WHAT YOU ARE ASKED TO DO
Starting at the line below that contains "また同時に、2025年に実施" and ending at the line that contains "В субботу на", retype each line exactly as it stands, but omit the pictures.

DATA RECORDS
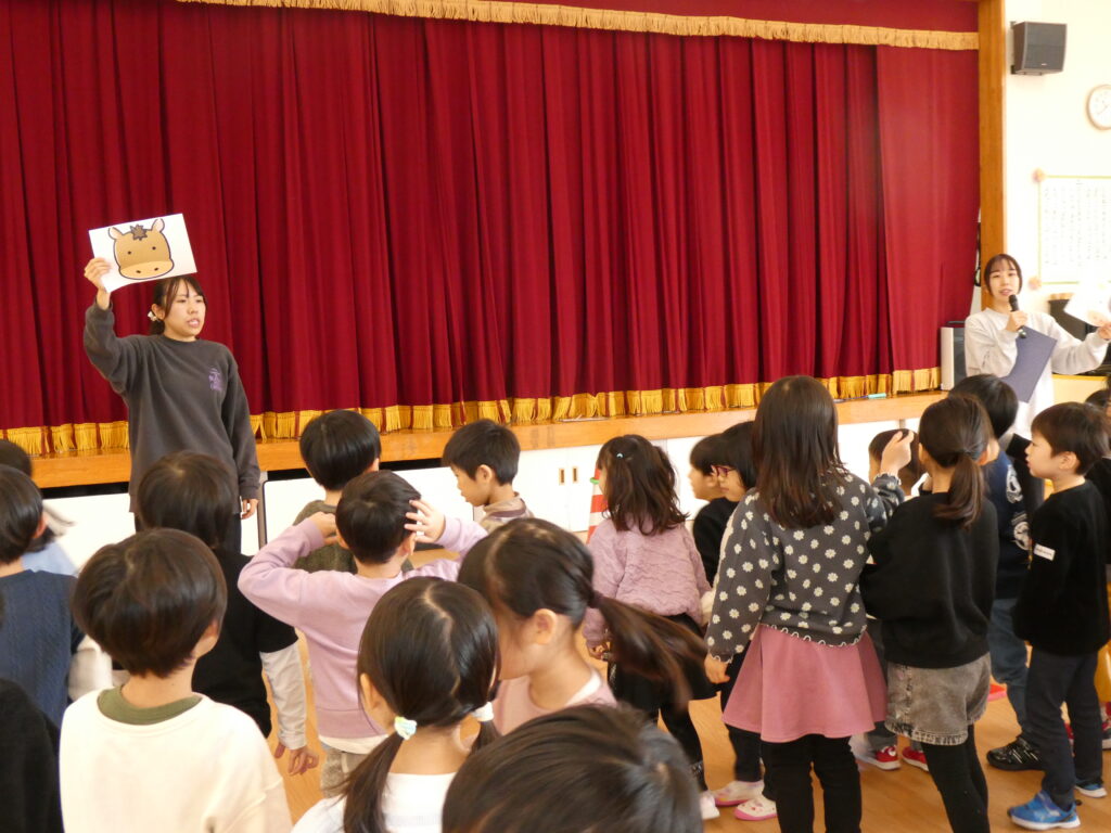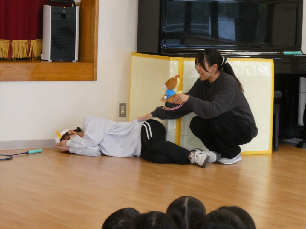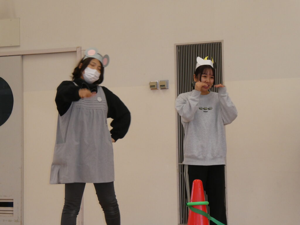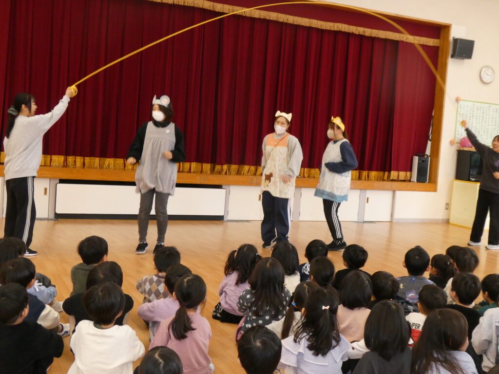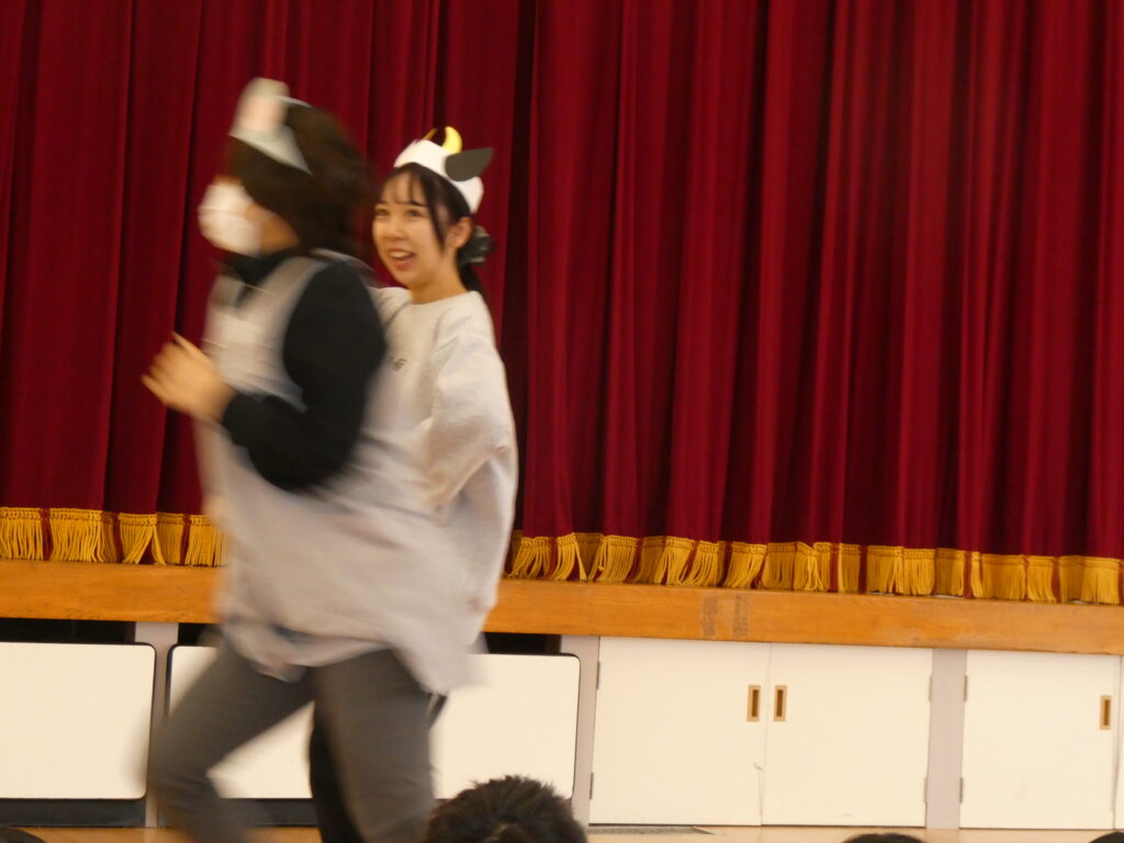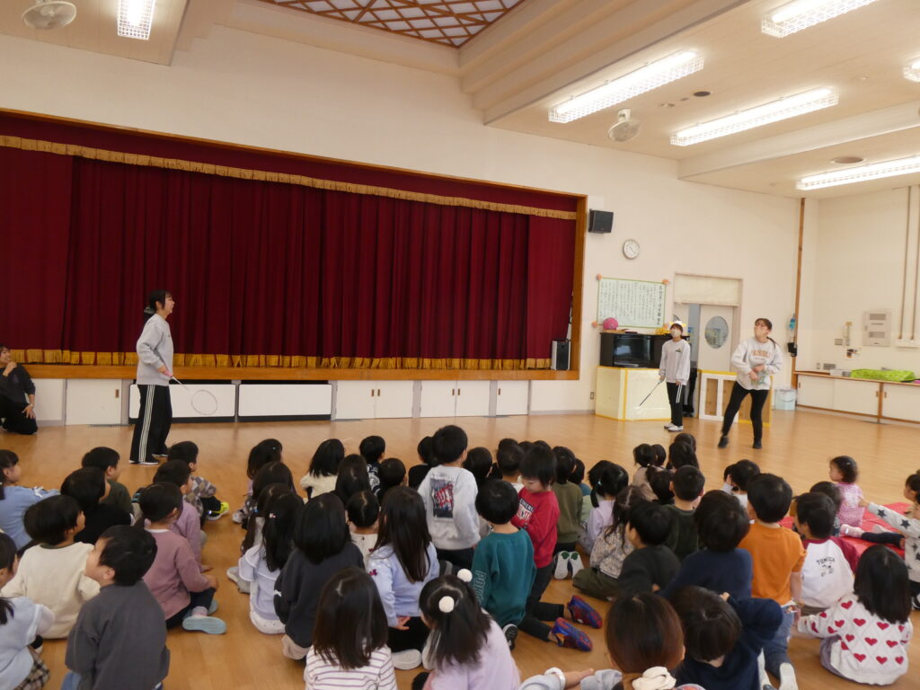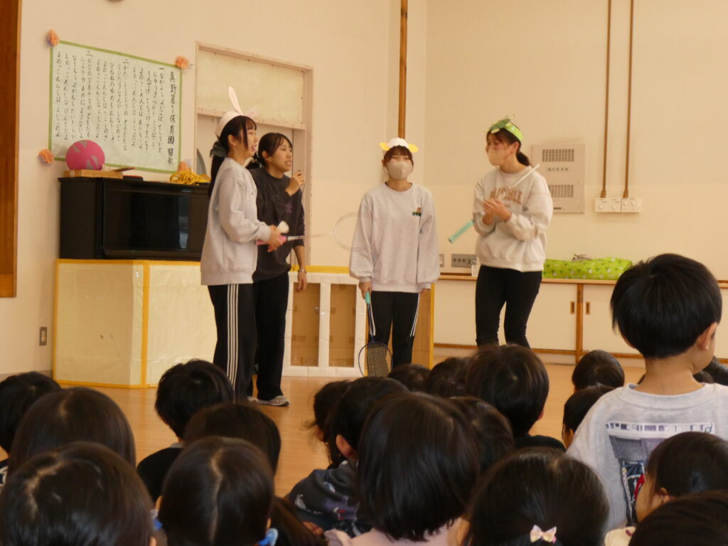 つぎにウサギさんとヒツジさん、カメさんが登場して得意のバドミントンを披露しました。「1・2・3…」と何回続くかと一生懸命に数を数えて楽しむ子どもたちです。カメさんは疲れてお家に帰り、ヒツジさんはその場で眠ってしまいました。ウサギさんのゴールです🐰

...

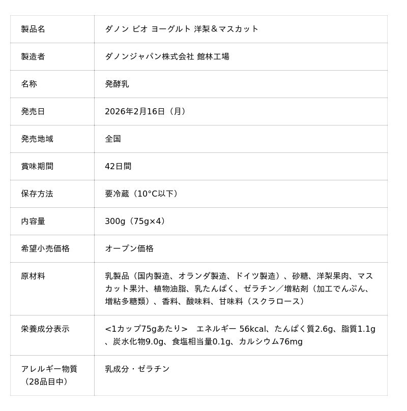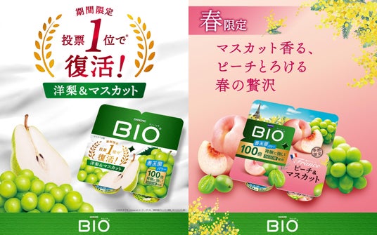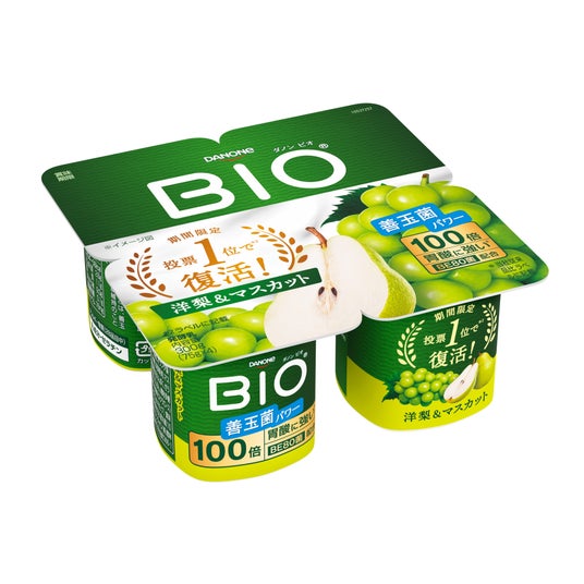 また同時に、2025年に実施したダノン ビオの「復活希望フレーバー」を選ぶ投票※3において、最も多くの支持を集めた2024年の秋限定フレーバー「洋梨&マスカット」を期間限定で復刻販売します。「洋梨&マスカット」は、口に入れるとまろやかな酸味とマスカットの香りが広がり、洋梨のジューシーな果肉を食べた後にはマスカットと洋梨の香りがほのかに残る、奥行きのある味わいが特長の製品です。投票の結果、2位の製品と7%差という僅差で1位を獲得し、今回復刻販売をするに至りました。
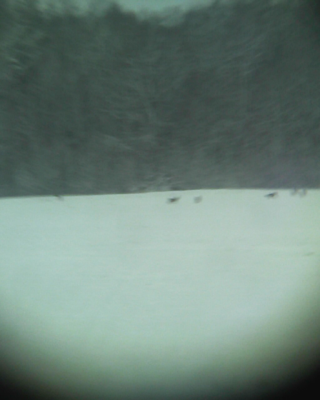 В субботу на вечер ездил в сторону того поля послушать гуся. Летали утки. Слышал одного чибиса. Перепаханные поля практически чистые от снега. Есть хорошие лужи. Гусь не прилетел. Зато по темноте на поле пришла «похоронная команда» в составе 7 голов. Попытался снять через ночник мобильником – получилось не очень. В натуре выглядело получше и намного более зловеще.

FINISHED EXERCISE
 また同時に、2025年に実施したダノン ビオの「復活希望フレーバー」を選ぶ投票※3において、最も多くの支持を集めた2024年の秋限定フレーバー「洋梨&マスカット」を期間限定で復刻販売します。「洋梨&マスカット」は、口に入れるとまろやかな酸味とマスカットの香りが広がり、洋梨のジューシーな果肉を食べた後にはマスカットと洋梨の香りがほのかに残る、奥行きのある味わいが特長の製品です。投票の結果、2位の製品と7%差という僅差で1位を獲得し、今回復刻販売をするに至りました。
 В субботу на вечер ездил в сторону того поля послушать гуся. Летали утки. Слышал одного чибиса. Перепаханные поля практически чистые от снега. Есть хорошие лужи. Гусь не прилетел. Зато по темноте на поле пришла «похоронная команда» в составе 7 голов. Попытался снять через ночник мобильником – получилось не очень. В натуре выглядело получше и намного более зловеще.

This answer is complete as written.